HydroSHEDS provides flow directions at 3 seconds resolution, but flow accumulation is only available at 30s and 15s resolutions. This is an attempt to fill that gap.
The computation takes place in two passes:
- first, pixels are dropped on each tile individually, and we keep track of the pixels that flow into neighbors. This pass can be parallelized and is the most time consuming.
- second, we take those overflowing pixels and make them flow again. Note that this pass is not parallelized (except for the file compression), but it's quite fast anyway because pixels only flow from the boundaries of the tiles (the inside of the tiles doesn't have to be processed again).
Usually, flow accumulation is just pixel-based: when one pixel flows into
another, we just increment the flow. This doesn't take into account the area of
a pixel, but if we want to use flow accumulation for hydrologic purposes, we
must correct for the fact that a pixel at the equator is bigger than a pixel at
e.g. latitude 60N (since WGS84 is not an equal area projection).

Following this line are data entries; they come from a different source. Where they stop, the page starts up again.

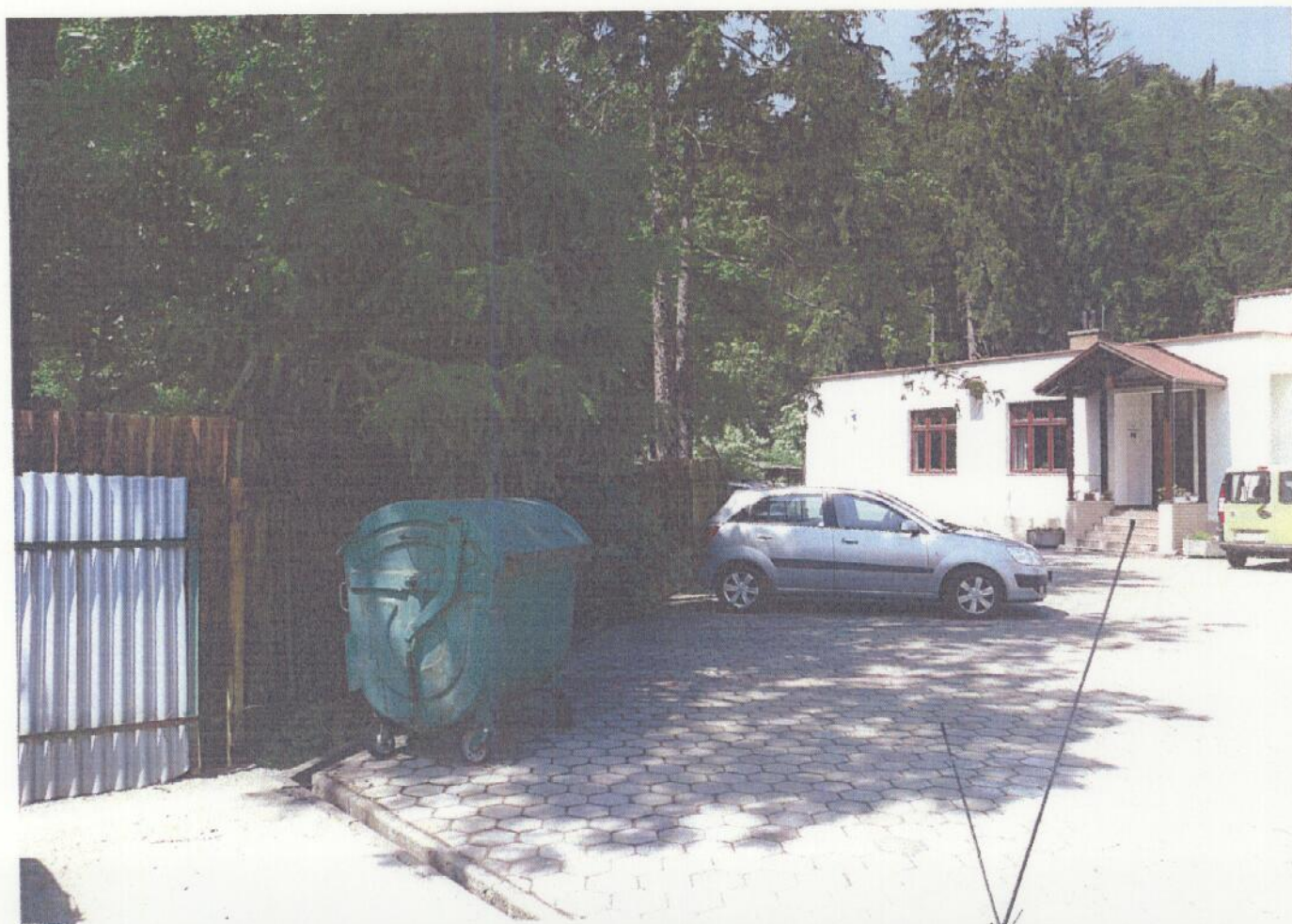
dom a pozemok vo vlastníctve Lubyorcon
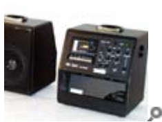
TLS 70 / LS 70
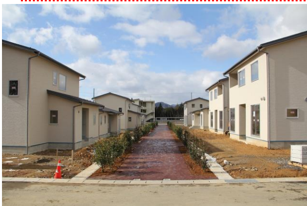
(完成した戸建ての公営住宅。左の奥は3階建ての集合タイプの公営住宅。12月30日撮影)
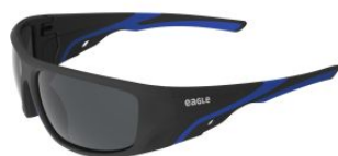
EDGE Gafas de seguridad con lente solar espejo at.com.es/p/1652170
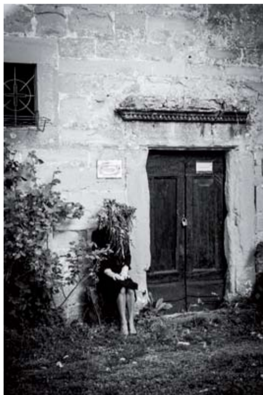
o Verso Terra
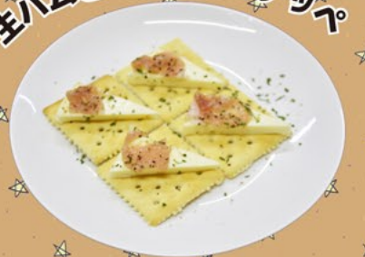
生ハムとチーズのカナッペ
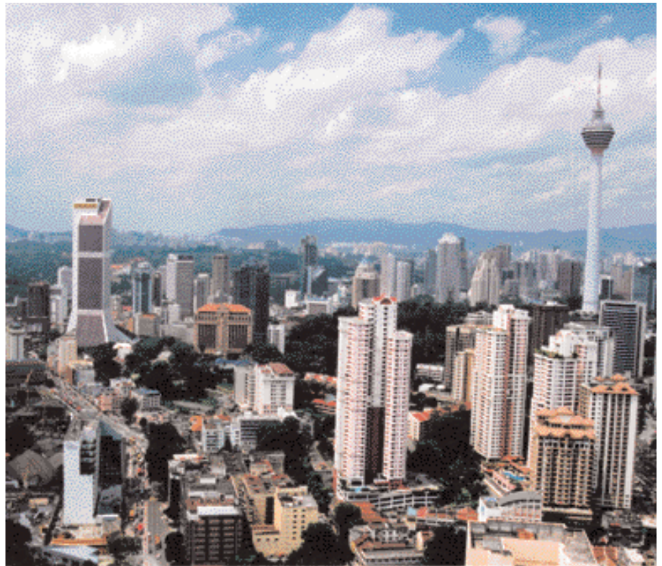
Die Kuala Lumpur-Skyline

Weitere Informationen über Kuala Lumpur und Malaysia finden Sie auf der Website http://www.tourismmalaysia.de .
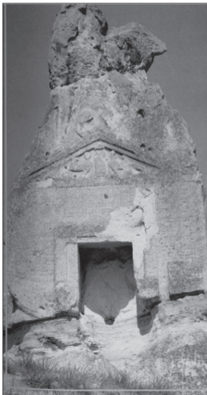
Slika 5: Spomenik u Arslankaji (Roller 1999, 87, fig. 19)
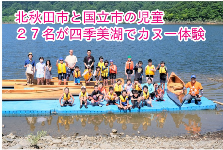
北秋田市と国立市の児童 27名が四季美湖でカヌー体験

北秋田市に伝わるマタギ文化を通じ命や食の大切さを学習するマタギの地恵体験学習会が2泊3日で実施されダムにも訪れました。
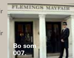
Bo som 007.
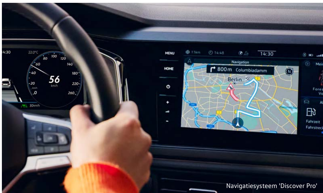
Navigatiesysteem 'Discover Pro'
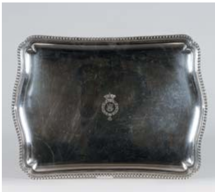
I327 BANDEJA, casquinha, gravação "coroa de marquês e timbre", Europa, séc. XIX, pequenas faltas na casquinha Dim. - 70 x 52 cm
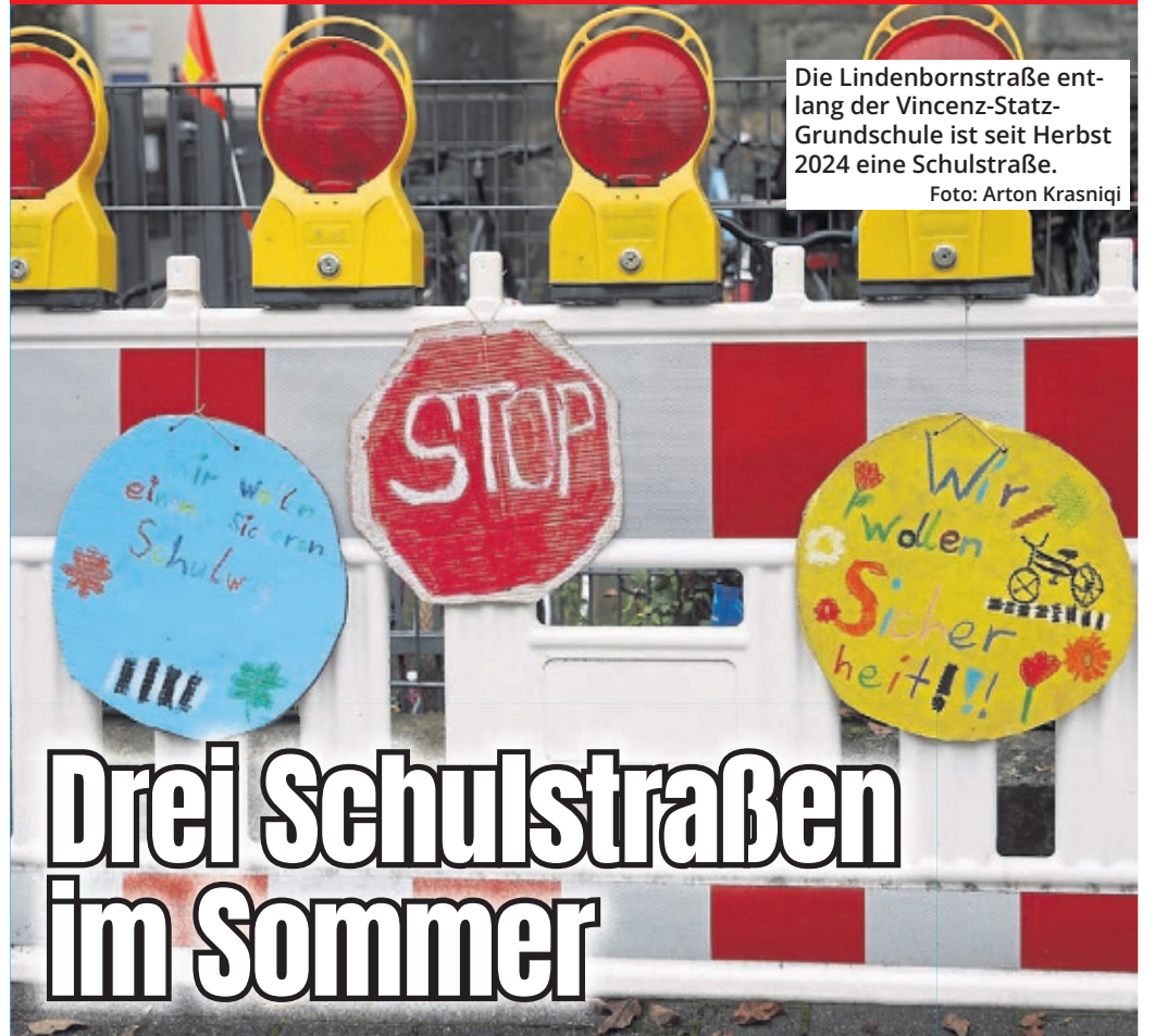
Die Lindenbornstraße entlang der Vincenz-Statz-Grundschule ist seit Herbst 2024 eine Schulstraße.
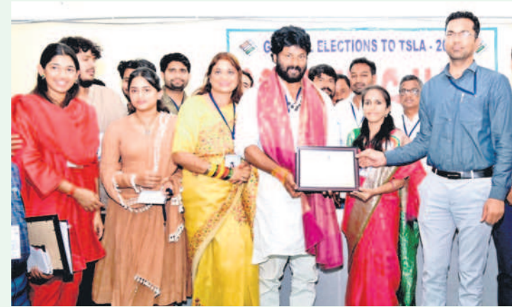
రామగుండం : ఎన్నికల అధికారి నుంచి ధ్రువీకరణ పత్రం అందుకుంటున్న రాజేలాకూర్ మక్కాసీనింగ్
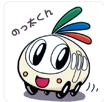
市営バスキャラクターデザイン 「のっ太くん」
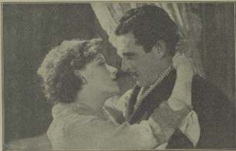
¡Qué breves momentos tan grande el de Greta Garbo y John Gilbert en El demonio y la carne

Las admiradoras de Valentino (yo no creo en los admiradores de Rudy) aprehendieron pronto de la presencia del nuevo actor. Y muchas de ellas ya multitud de os pegalosos ademanes —tan bonitos tan efectistas!— y de los besos sarcófagos del "shell" —que él se encargaba de aplicar con un cierto tinte humorístico poniendo los ojos en blanco, en un estribillo, mo chabacano de tope sensacional— fue-
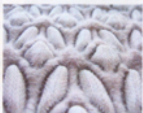
アレキサンドラ・ガカ氏がデザイン したハイブリッド・アンド・フュー ジョンのテキスタイル
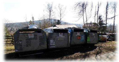
Kontejnery u „Hangáru“
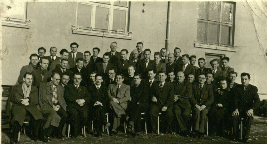
Kurs Głównych Mechaników 1951. w Elstronie.
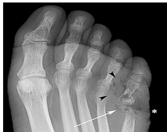
Fig. 2 Osteomielitis de pie .Radiografía de pie que demuestra aire en partes blandas en relación a 5° dedo (cabeza de flecha negra). También puede verse destrucción cortical de la cabeza del quinto metatarsiano (flecha blanca). Contornos irregulares de la piel suprayacente expresa la ulceración de partes blandas (asterisco).

Un tipo especial de osteomielitis debida a un foco contiguo ocurre en el marco de una enfermedad vascular periférica, en los pequeños huesos del pie del diabético (figura 2), la presencia de úlceras en miembros inferiores está fuertemente relacionada con presencia de osteomielitis hasta en un 60% de los casos. (Ugalde,2014).
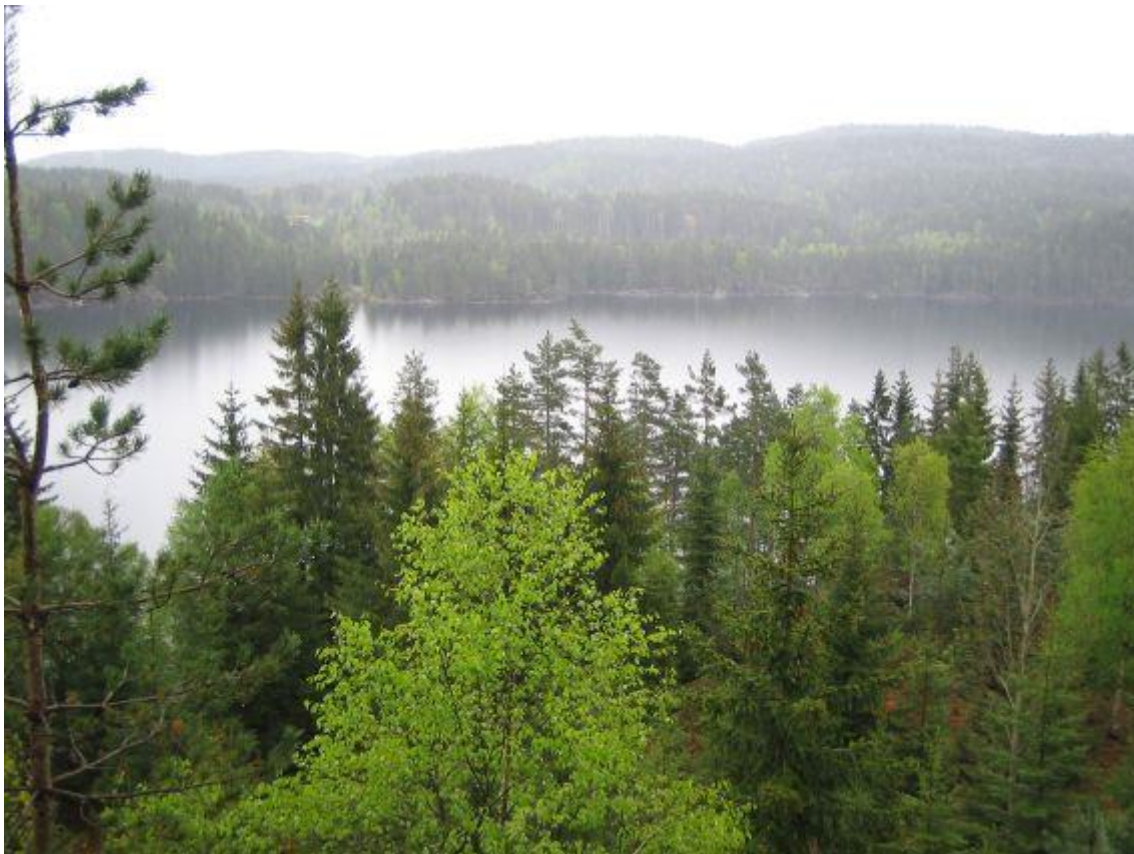
Utsikt ned lia mot Flåte.
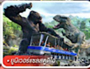
ยูนิเวอร์แซลส์ตูดิโอ
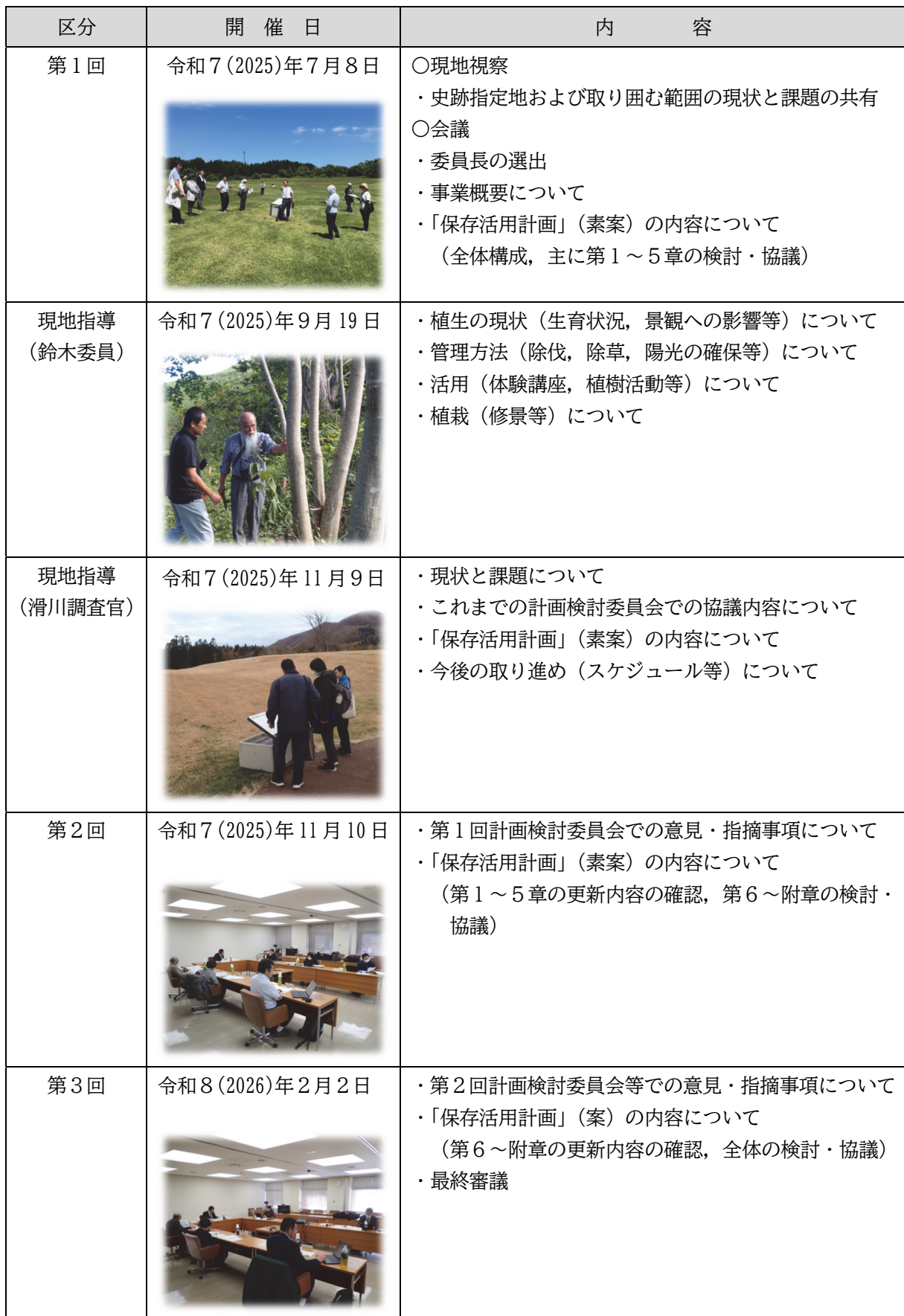
表1-3 計画検討委員会の協議内容
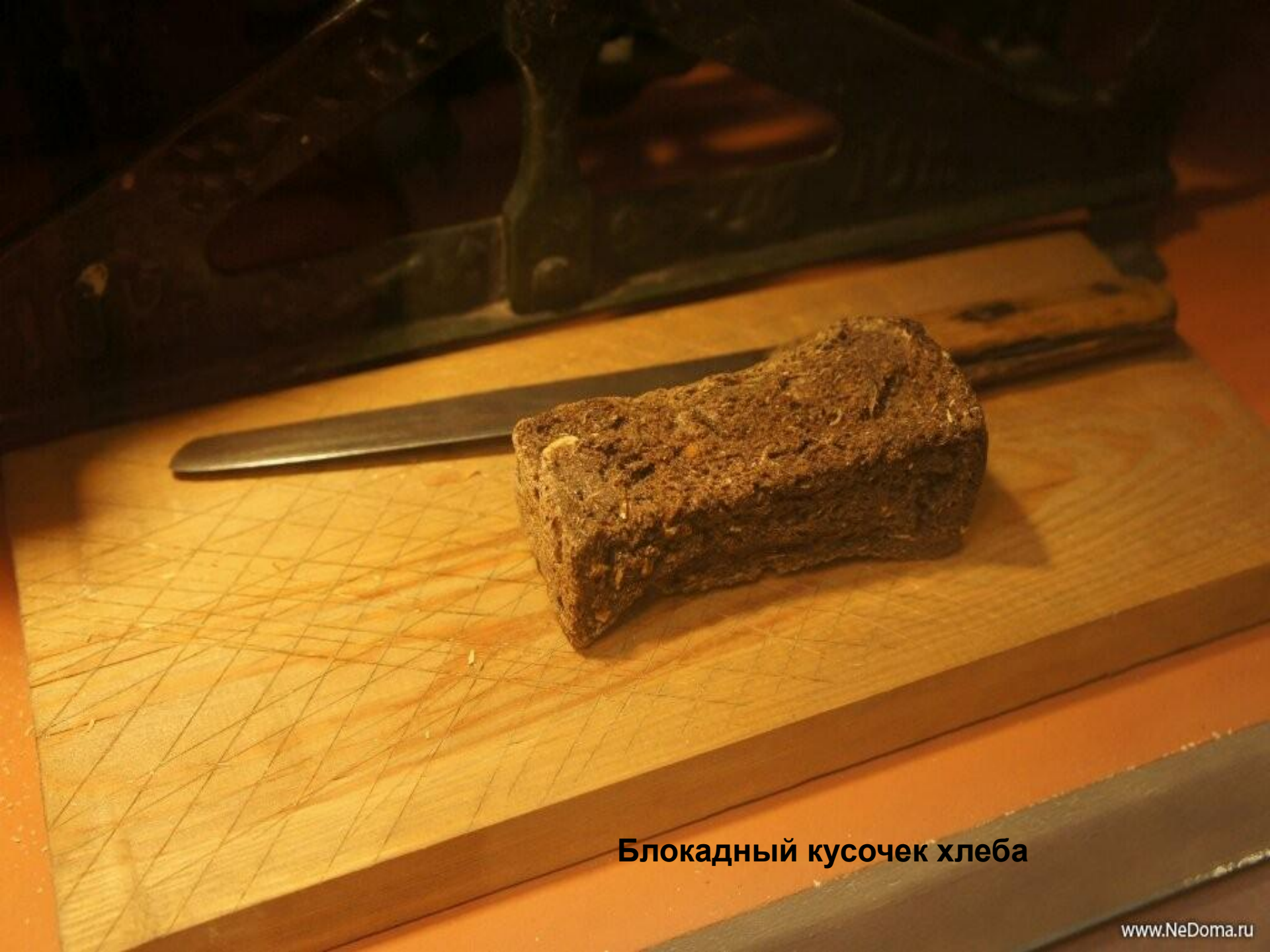
Блокадный кусочек хлеба

Here we do
this correction, and so the resulting flow accumulation data cannot be of
integer type (it is a float64
).
If you want to run the Cython version (which is slightly faster), you first need to compile it:
cd cython
python setup.py build_ext --inplace
For the Numba version, pass the -n
flag. You can set the number of CPU cores
you want to use in each pass with e.g. -p1 4 -p2 4
. Since it takes a lot of
time to compute (days, depending on your CPUs), the current state is saved after
each computation of a tile, so you can press Ctrl-C and resume later. But if you
want to start over, you can do so with the -r
flag.
python flowAcc3s.py -n -r -p1 4 -p2 4